Characterization of E 472 food emulsifiers - determination of bound and free fruit acids, free glycerol and ash content.

机构信息

Institute of Food Chemistry, University of Hohenheim, Garbenstraße 28, 70599 Stuttgart, Germany.

Institute of Food Chemistry, University of Hohenheim, Garbenstraße 28, 70599 Stuttgart, Germany.

出版信息

J Chromatogr A. 2020 May 24;1619:460946. doi: 10.1016/j.chroma.2020.460946. Epub 2020 Feb 4.

DOI:10.1016/j.chroma.2020.460946
PMID:32059866
Abstract

Emulsifiers of the type E 472 are esters of fruit acids and mono- and diacylglycerols (MAG and DAG), which are used to adjust techno-functional properties in various food products. The most dominant representatives of E 472 emulsifiers are acetic acid esters (E 472a), lactic acid esters (E 472b), citric acid esters (E 472c), and mono- and diacetyl tartaric acid esters (E 472e). For the determination of fruit acids, a high-performance liquid chromatography method with ultraviolet light (HPLC-UV) detection was developed. Free and total fruit acids were determined by reversed phase HPLC-UV analysis of untreated and saponified emulsifier extracts with 20 mM potassium hydrogen phosphate buffer (pH 2.6) as isocratic eluent. Limits of quantitation of 0.08-0.27 g free fruit acid/kg emulsifier and 4-14 g total fruit acid/kg granted a reliable method with recoveries for free and total fruit acids between 80 and 100% with relative standard deviations (%RSD) below 4%. For the quantitation of free glycerol by spectrophotometry, an enzymatic assay was optimized for the analysis of E 472 providing reliable results with %RSD values below 9%. In addition, the ash content of E 472 emulsifiers was determined.

摘要

类型 E 472 的乳化剂是水果酸和单、二酰基甘油(MAG 和 DAG)的酯,用于调整各种食品产品的技术功能特性。E 472 乳化剂的最主要代表是乙酸酯(E 472a)、乳酸酯(E 472b)、柠檬酸酯(E 472c)和单、二乙酰酒石酸酯(E 472e)。
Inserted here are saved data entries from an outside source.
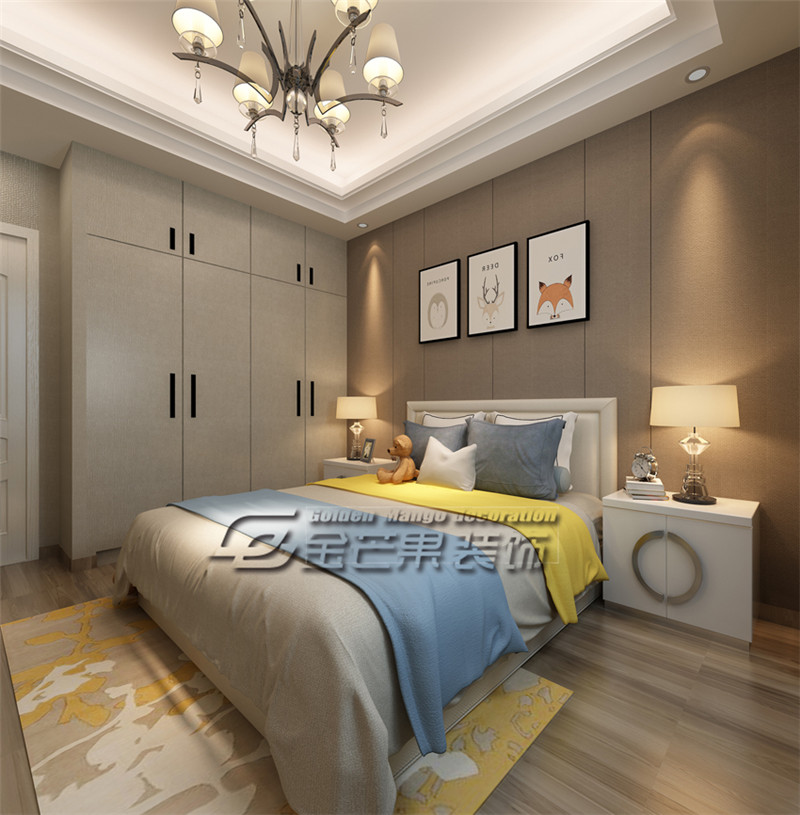 清新、亮麗的顏色搭配可愛的裝飾畫,整個房間整潔又充滿童趣。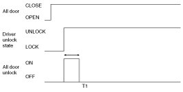 1. ALL DOOR UNLOCK signal is output one-time during T1 if ALL DOOR(Driver Door switch & Assist door switch & Rear left door switch & Rear right door switch) is CLOSED and Driver Unlock State is Lock->Unlock.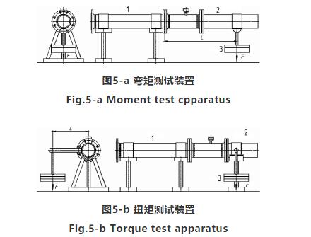 对于高压智能一体化气体涡轮流量计来说,还应当详细说明流量计所需求的弯曲与扭力力矩的保护水平。此数据是通过试验直接获得,弯矩测试装置如图5-a 所示,直管段1 连接气体流量标准装置,在直管段2 预先确定的力臂L 位置附加垂直方向的力F 而形成弯矩M;扭矩测试装置如图5-b 所示,直管段1 连接气体流量标准装置,在直管段2 侧面预先确定的力臂L 位置附加垂直方向的力F 而形成扭矩T。而弯矩与扭矩均是作用于流量计入口与出口法兰处。由于此项测试主要针对流量计强度的校核,为了更有说服力、提高可靠性,故将铝合金壳体的中低压涡轮流量计DN80-G100用于此次测试。而整个测试过程是将砝码F 按EN12261 表10 中要求1 倍、2 倍直至做到4 倍(即力矩为3 040 N·m),未发现流量计壳体有任何异常变化。而测试结果表明在施加砝码F 之前、过后得到的指示误差与施加砝码F 之前的指示误差未有明显变化。

为了测定水果酸,开发了一种带有紫外光(HPLC-UV)检测的高效液相色谱法(HPLC-UV)。未处理和皂化乳化剂提取物用 20mM 磷酸氢钾缓冲液(pH 2.6)作为等度洗脱剂,通过反相 HPLC-UV 分析来测定游离和总水果酸。定量下限为 0.08-0.27g 游离水果酸/kg 乳化剂和 4-14g 总水果酸/kg,保证了回收率在 80-100%之间、相对标准偏差(%RSD)低于 4%的可靠方法。对于分光光度法测定游离甘油,优化了用于分析 E 472 的酶法测定,得到了可靠的结果,%RSD 值低于 9%。此外,还测定了 E 472 乳化剂的灰分含量。